#### [PROMPT]
Below are lines of records; copy exactly those from the one containing "18 kt white gold case" through the one containing "Wrapping paper featuring", leaving the pictures behind.

#### [STORED DATA]
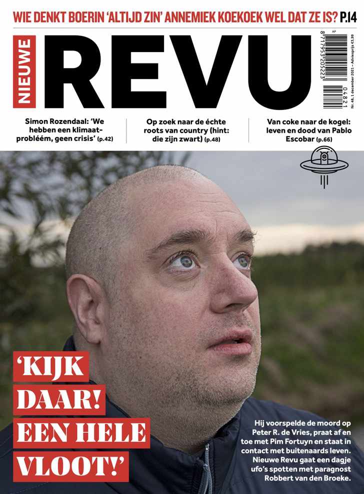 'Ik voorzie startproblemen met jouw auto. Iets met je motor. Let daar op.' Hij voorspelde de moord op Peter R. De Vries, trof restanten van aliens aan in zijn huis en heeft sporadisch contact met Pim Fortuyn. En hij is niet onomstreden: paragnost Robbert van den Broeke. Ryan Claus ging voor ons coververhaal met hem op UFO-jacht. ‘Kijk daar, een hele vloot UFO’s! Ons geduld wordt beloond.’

* * *

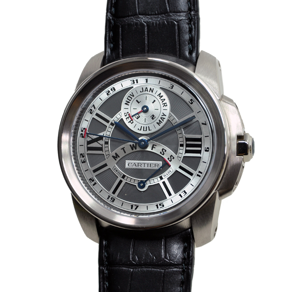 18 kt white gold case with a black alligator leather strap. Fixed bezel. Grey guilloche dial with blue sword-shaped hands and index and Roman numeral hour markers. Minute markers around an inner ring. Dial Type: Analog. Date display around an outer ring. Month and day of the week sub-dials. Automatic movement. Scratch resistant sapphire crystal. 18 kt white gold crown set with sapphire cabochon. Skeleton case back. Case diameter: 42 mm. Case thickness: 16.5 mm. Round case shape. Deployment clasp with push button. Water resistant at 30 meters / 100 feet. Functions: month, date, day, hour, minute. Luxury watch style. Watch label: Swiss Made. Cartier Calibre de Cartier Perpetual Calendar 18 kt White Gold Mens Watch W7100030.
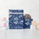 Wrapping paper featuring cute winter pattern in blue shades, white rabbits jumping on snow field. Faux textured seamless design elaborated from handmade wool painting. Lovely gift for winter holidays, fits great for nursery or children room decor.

#### [ANSWER SPACE]
 18 kt white gold case with a black alligator leather strap. Fixed bezel. Grey guilloche dial with blue sword-shaped hands and index and Roman numeral hour markers. Minute markers around an inner ring. Dial Type: Analog. Date display around an outer ring. Month and day of the week sub-dials. Automatic movement. Scratch resistant sapphire crystal. 18 kt white gold crown set with sapphire cabochon. Skeleton case back. Case diameter: 42 mm. Case thickness: 16.5 mm. Round case shape. Deployment clasp with push button. Water resistant at 30 meters / 100 feet. Functions: month, date, day, hour, minute. Luxury watch style. Watch label: Swiss Made. Cartier Calibre de Cartier Perpetual Calendar 18 kt White Gold Mens Watch W7100030.
 Wrapping paper featuring cute winter pattern in blue shades, white rabbits jumping on snow field. Faux textured seamless design elaborated from handmade wool painting. Lovely gift for winter holidays, fits great for nursery or children room decor.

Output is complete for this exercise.